# M1400, wacom pen and Xorg 1.5 with HAL [SOLVED]

## Jamesbch

Hello here,

I upgraded my (old) Motion M1400 (Tablet PC) with Xorg 1.5 etc... and needed to configure it with new .fdi files. I tried the migration guide but it failed to have my wacom pen working. At the moment I still have my old xorg.conf file to have it working so I would like to have it recognized automatically. What should I do ? Tried http://wiki.archlinux.org/index.php/Wacom_Tablet didn't work for me.

Thank you in advance.

----------

## Jamesbch

Bump, please help me. I use this as my xorg.conf :

 *Quote:*   

> Section "ServerLayout"
> 
>         Identifier     "Layout0"
> 
>         Screen      0  "Screen0" 0 0
> ...

 

How should I generate a correct fdi please ?

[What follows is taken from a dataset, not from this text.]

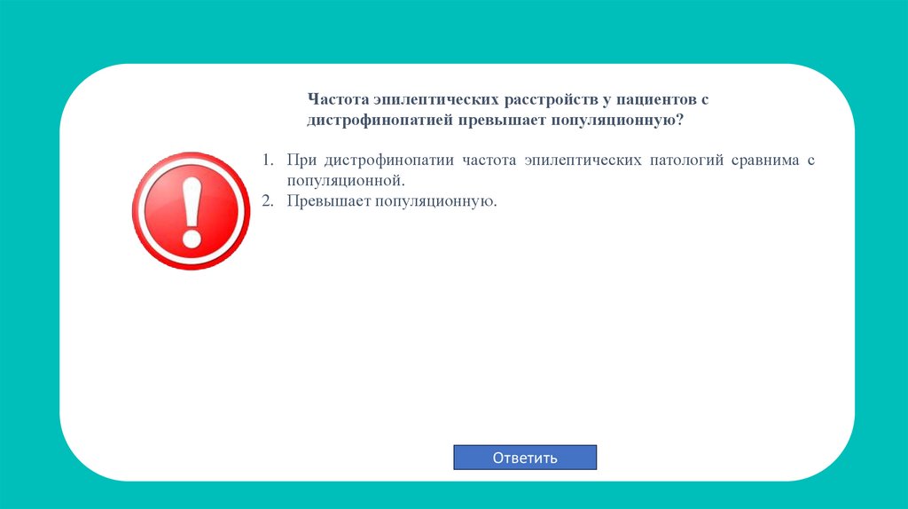 Частота эпилептических расстройств у пациентов сдистрофинопатией превышает популяционную?

I'm using x11-drivers/linuxwacom-0.8.2, x11-base/xorg-server-1.5.3-r6, gentoo-sources 2.6.25-gentoo-r7 (upgraded to .30-r6 with some acpi problems)

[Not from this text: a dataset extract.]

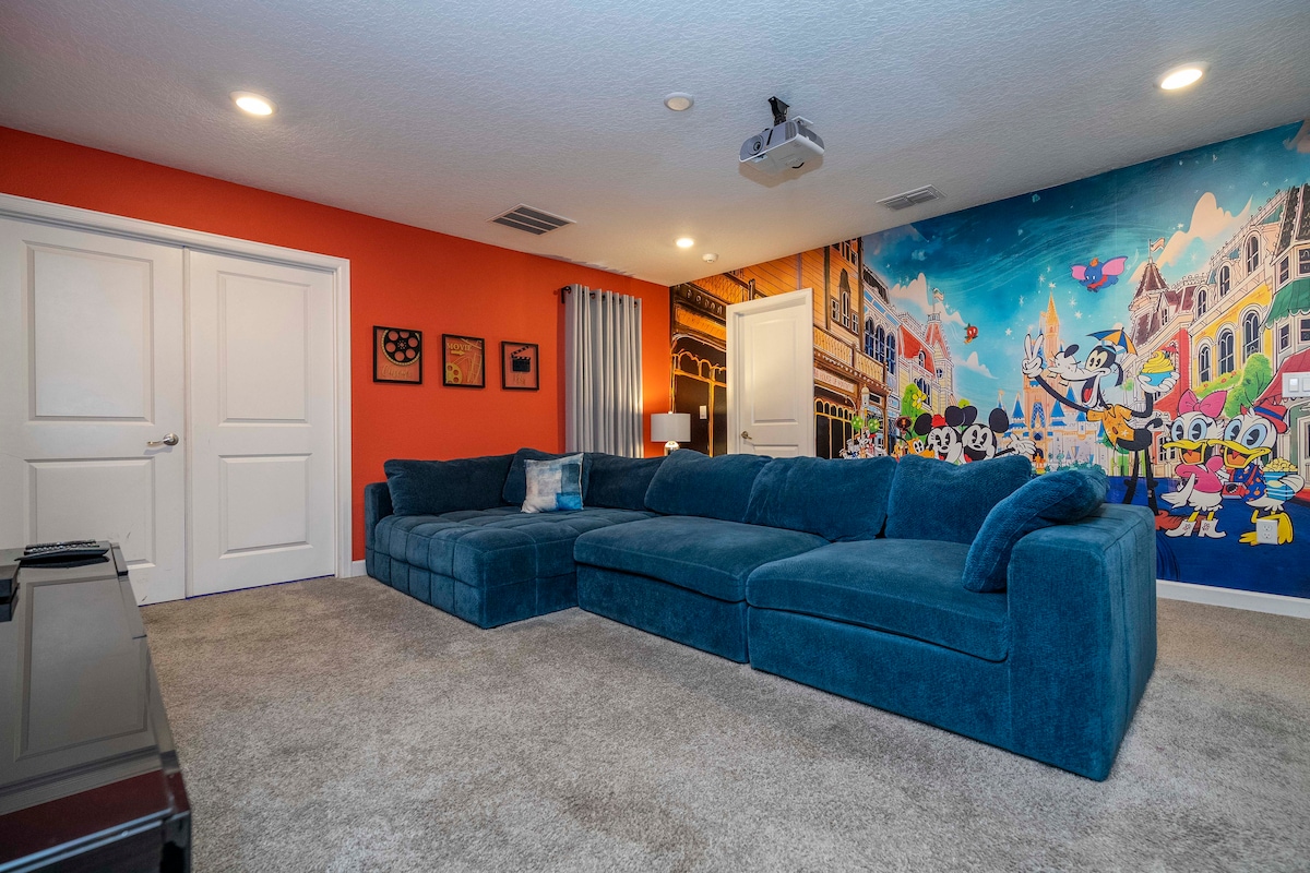 Head to the game room for hours of entertainment with two video game stations, a pool table, and a skeeball. Upstairs, enjoy movie nights with a huge projector TV and a large, plush couch for optimal viewing.

EDIT: Here is my lshal for my wacom pen :

 *Quote:*   

> udi = '/org/freedesktop/Hal/devices/pnp_WACf004'
> 
>   info.capabilities = {'input', 'input.tablet', 'input.tablet.tabletPC'} (string list)
> 
>   info.linux.driver = 'serial'  (string)
> ...

 

Does it help ?

----------

## Jamesbch

It's working with the latest xorg-server-1.6.xx and wacom drivers ! There is a .fdi installed in /usr/share/hal/fdi/policy/20thirdparty/10-linuxwacom.fdi

I hope it'll help someone.

----------